RECORDED INFORMATION:
-=-=-
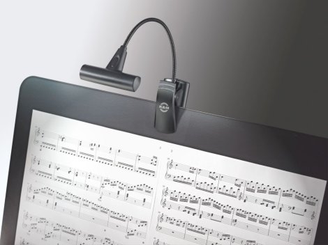 A nagy teljesítményű T-modell lámpa fényes megvilágítást biztosít 8 darab 100000 órás élettartamra hitelesített LED-jével. Két beállítható fényerő szintjével és hajlékony gégenyakával kényelmes és sokoldalú, minden világítási igényt kielégítő szolgáltatást nyújt. A praktikus és extra nagy átfogású (akár 25 mm) csíptető kottapultra, asztallapra, stb. rögzíthető. Akár állólámpaként is használható.
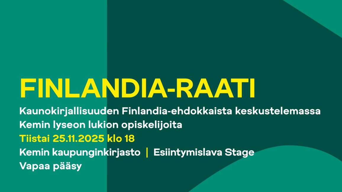 Tiistaina 25.11.2025 kello 18 alkaen kulttuurikeskuksen esiintymislava Stagella raaditaan vuoden 2025 kaunokirjallisuuden Finlandia-ehdokkaat! Ehdokkaista keskustelemassa Kemin lyseon lukion opiskelijoita.
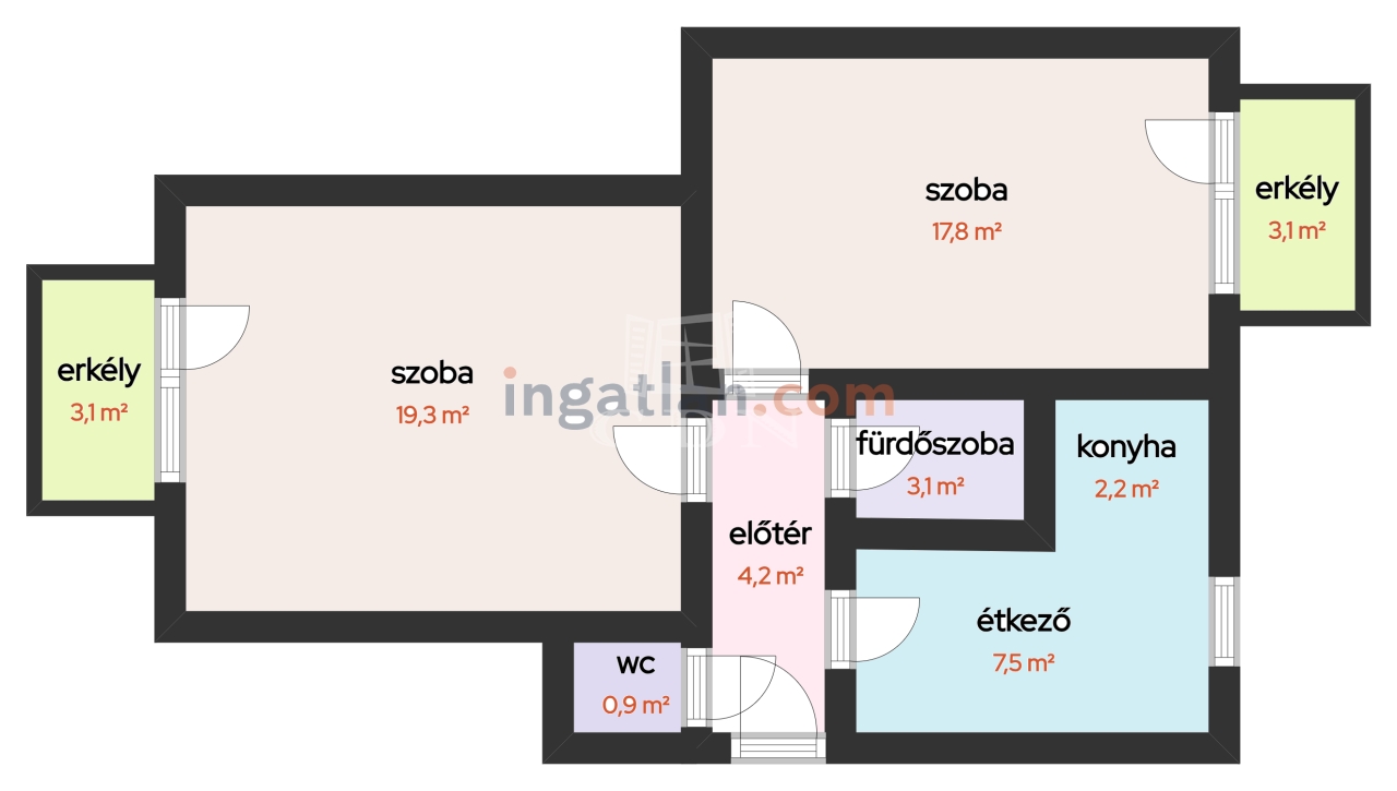 19,26m2, szoba 17,81m2, fözőfülke 2,17m2, étkező 7,52m2 fürdőszoba 3,11m2, wc 0,85m2, előszoba 4,24m2, erkély 3,1m2, erkély 3,1m2;
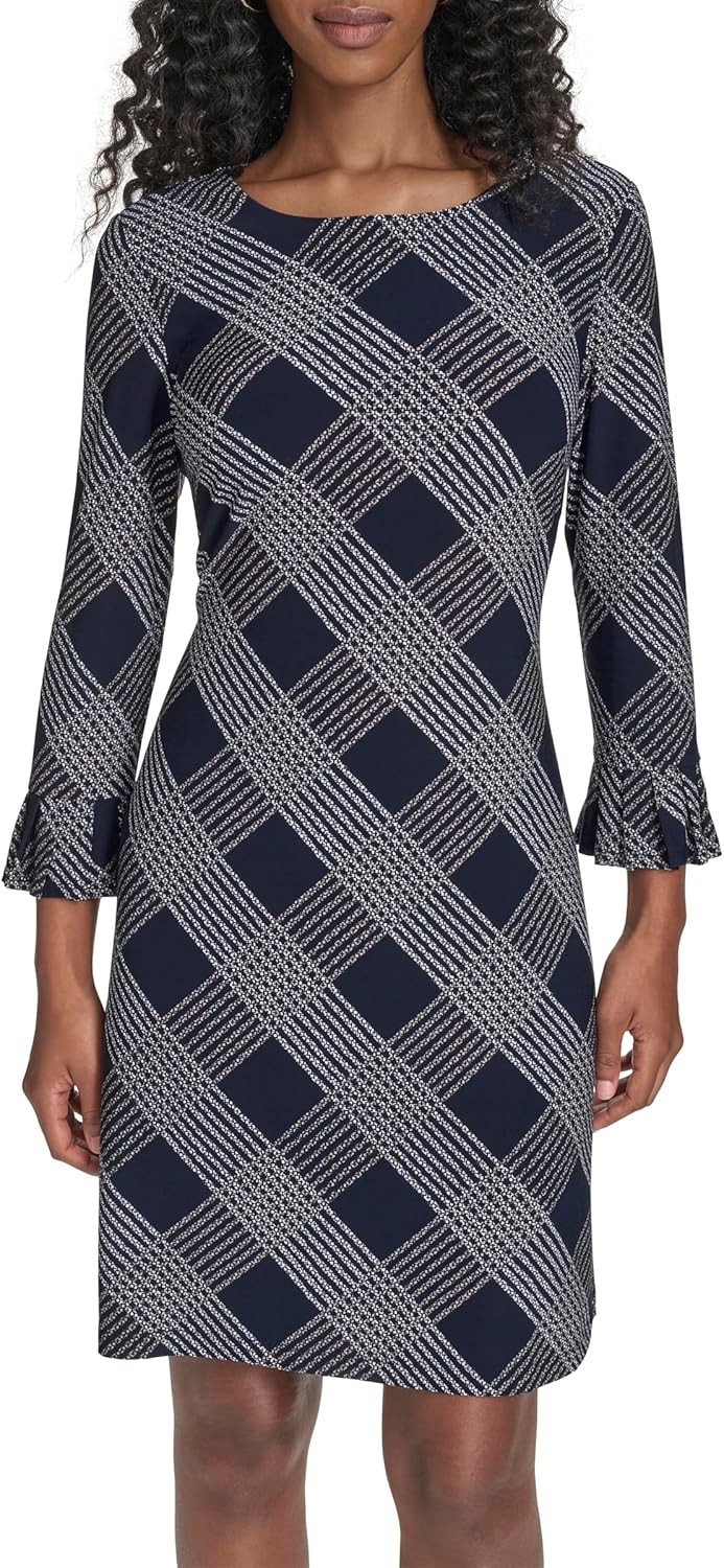 Tommy Hilfiger Womens 3/4 Ruffle Sleeve Jersey Shift Dress
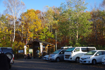 ![]() Entrance to the trail. Reporting form to the police is available here. Because the parking capacity here is limited, it may be reasonable to use the parking next to the camping ground of the Kyukaf-muara across the road. 火打山登山道入り口。登山届の用紙あり。 この入り口前の駐車場の収容力が小さく、トイレもないので、 道の反対側にある休暇村キャンプ場隣の大駐車場での 駐車を想定したほうがよい。 |
-=-=-
TASK DIRECTIONS: Transcribe, please, the lines from the one holding "Tommy Hilfiger Womens" to the final line of the material, both included, exactly and with no extra lines, and skip the pictures.

YOUR RESPONSE:
 Tommy Hilfiger Womens 3/4 Ruffle Sleeve Jersey Shift Dress
 ![]() Entrance to the trail. Reporting form to the police is available here. Because the parking capacity here is limited, it may be reasonable to use the parking next to the camping ground of the Kyukaf-muara across the road. 火打山登山道入り口。登山届の用紙あり。 この入り口前の駐車場の収容力が小さく、トイレもないので、 道の反対側にある休暇村キャンプ場隣の大駐車場での 駐車を想定したほうがよい。 |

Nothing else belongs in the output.